Gross G J, Buck J D, Warltier D C, Hardman H F
J Cardiovasc Pharmacol. 1979 Jan-Feb;1(1):139-47. doi: 10.1097/00005344-197901000-00013.
The effect of a new cardioselective beta adrenergic antagonist, bevantolol (CI-775), on regional myocardial blood flow and contractile function distal to a severe flow-limiting stenosis of the left circumflex coronary artery was studied in open-chest dogs. Bevantolol (1 mg/kg, i.v.) or saline was administered 30 min after production of left circumflex stenosis sufficient to reduce resting coronary blood flow and contractile force approximately 40%. Regional myocardial blood flow and contractile force were measured with radiolabeled microspheres and Brodie-Walton strain gauge arches, respectively. No significant changes were observed in the saline-treated group. Following bevantolol treatment subendocardial blood flow (1.30 +/- 0.29 to 0.93 +/- 0.19 ml/min/g) and contractile force decreased (11.4 +/- 4.4%) significantly (p less than 0.05) in nonischemic myocardium. Subendocardial blood flow (0.59 +/- 0.14 to 0.81 +/- 0.14 ml/min/g) and contractile force increased (29.3 +/- 3.6%) significantly (p less than 0.05) in ischemic myocardium. These results suggest that bevantolol produces a favorable redistribution of flow to ischemic subendocardium. The increase in flow results in an improvement of contractile function in the ischemic region.
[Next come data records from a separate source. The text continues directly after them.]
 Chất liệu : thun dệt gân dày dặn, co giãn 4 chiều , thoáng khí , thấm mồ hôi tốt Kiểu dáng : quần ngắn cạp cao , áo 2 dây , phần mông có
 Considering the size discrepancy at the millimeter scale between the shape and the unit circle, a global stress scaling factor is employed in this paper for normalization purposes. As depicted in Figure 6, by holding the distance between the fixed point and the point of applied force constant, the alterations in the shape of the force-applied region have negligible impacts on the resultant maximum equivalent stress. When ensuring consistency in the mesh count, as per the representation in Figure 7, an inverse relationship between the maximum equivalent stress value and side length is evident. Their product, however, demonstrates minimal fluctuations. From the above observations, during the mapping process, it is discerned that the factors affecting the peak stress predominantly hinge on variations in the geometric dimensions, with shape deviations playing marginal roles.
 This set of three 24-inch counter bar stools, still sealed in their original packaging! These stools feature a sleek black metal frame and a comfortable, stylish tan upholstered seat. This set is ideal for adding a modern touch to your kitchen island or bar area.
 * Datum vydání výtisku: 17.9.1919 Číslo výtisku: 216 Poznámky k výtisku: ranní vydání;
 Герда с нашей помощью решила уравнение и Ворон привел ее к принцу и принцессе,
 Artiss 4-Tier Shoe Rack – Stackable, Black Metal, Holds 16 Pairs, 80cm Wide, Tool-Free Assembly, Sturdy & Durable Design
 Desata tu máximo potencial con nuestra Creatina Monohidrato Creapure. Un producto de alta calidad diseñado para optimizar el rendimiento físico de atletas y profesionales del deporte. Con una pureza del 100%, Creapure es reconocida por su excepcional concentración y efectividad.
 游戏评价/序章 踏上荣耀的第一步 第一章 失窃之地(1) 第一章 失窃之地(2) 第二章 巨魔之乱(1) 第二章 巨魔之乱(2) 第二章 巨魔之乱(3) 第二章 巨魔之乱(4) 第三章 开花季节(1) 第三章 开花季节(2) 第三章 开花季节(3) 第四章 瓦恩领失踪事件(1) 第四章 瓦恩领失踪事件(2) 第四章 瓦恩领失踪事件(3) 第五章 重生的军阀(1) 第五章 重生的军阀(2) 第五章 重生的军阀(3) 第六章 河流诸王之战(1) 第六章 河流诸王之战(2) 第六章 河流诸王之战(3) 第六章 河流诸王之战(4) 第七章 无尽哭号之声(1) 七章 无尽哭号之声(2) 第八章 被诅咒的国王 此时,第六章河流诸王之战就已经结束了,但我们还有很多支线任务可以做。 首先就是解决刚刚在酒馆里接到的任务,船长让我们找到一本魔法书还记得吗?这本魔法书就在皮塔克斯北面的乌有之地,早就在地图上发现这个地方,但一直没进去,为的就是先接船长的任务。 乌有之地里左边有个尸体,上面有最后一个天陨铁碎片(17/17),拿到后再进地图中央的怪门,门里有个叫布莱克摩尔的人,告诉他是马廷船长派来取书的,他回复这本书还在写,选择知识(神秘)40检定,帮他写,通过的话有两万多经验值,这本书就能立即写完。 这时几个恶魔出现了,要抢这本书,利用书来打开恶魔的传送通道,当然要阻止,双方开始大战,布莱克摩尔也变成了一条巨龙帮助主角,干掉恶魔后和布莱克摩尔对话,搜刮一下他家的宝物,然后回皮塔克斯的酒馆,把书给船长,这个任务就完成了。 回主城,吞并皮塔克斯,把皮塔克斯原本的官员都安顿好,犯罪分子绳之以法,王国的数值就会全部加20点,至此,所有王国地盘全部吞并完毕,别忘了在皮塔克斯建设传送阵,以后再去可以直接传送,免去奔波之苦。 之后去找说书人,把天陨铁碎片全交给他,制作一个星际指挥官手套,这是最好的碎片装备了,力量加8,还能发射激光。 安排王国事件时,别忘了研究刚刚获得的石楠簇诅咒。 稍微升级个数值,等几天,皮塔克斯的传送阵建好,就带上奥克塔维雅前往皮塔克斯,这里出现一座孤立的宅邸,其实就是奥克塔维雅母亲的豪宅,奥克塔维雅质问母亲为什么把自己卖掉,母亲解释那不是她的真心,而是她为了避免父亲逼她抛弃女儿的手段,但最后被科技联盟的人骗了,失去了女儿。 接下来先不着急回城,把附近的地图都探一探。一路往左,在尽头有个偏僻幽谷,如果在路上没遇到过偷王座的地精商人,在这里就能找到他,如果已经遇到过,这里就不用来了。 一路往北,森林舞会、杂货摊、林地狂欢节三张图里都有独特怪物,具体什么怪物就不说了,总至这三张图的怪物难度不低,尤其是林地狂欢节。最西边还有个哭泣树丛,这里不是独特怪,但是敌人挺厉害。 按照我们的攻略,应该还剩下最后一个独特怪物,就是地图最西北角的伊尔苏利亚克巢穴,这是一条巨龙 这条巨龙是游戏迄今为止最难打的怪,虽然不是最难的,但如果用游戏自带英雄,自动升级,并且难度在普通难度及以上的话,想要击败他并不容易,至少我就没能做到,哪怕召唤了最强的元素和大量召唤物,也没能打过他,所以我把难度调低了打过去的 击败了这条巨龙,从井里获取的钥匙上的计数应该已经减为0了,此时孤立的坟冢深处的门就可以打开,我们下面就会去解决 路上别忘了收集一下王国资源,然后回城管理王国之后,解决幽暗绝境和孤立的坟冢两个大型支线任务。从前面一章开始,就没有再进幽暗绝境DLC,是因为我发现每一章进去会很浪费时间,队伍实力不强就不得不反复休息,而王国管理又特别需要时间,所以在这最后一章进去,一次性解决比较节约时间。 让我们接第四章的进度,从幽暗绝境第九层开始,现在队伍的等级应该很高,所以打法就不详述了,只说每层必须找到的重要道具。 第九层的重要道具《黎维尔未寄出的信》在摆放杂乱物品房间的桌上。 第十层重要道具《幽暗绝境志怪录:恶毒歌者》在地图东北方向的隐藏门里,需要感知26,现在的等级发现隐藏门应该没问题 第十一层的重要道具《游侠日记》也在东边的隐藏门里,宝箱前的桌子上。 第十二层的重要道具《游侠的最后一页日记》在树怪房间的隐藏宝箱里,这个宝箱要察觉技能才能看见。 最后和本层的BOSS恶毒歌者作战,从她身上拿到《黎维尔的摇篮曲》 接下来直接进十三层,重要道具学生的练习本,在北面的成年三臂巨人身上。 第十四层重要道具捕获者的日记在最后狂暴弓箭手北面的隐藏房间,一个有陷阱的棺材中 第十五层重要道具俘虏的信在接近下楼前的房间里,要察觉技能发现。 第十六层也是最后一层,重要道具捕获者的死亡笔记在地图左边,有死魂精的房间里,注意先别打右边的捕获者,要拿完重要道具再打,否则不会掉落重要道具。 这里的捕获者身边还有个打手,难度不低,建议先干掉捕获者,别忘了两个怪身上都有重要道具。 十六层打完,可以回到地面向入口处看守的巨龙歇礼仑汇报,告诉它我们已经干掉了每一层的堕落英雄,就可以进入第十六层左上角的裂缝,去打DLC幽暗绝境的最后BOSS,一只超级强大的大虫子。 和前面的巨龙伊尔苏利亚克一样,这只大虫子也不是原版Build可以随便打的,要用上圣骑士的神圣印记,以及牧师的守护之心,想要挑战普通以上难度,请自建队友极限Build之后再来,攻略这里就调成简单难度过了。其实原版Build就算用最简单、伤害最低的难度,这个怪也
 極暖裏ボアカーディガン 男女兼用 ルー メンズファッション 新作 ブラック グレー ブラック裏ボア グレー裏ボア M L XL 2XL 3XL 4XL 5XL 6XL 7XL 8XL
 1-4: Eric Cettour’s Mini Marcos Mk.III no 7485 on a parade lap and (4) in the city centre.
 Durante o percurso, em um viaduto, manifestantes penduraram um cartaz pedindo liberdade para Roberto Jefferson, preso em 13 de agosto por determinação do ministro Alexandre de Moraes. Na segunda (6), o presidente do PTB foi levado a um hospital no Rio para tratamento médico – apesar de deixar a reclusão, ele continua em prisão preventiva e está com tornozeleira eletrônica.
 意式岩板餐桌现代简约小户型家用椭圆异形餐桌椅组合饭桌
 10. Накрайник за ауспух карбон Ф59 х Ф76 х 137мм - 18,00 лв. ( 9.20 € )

在开胸犬身上研究了一种新型心脏选择性β肾上腺素能拮抗剂贝凡洛尔(CI - 775)对左旋冠状动脉严重血流限制性狭窄远端区域心肌血流和收缩功能的影响。在造成足以使静息冠状动脉血流和收缩力降低约40%的左旋冠状动脉狭窄后30分钟,静脉注射贝凡洛尔(1毫克/千克)或生理盐水。分别用放射性微球和布罗迪 - 沃尔顿应变仪弓测量区域心肌血流和收缩力。在生理盐水治疗组未观察到显著变化。贝凡洛尔治疗后,非缺血心肌的内膜下血流(从1.30±0.29降至0.93±0.19毫升/分钟/克)和收缩力显著降低(11.4±4.4%)(p<0.05)。缺血心肌的内膜下血流(从0.59±0.14升至0.81±0.14毫升/分钟/克)和收缩力显著增加(29.3±3.6%)(p<0.05)。这些结果表明,贝凡洛尔可使血流有利地重新分布至缺血的内膜下区域。血流增加导致缺血区域收缩功能改善。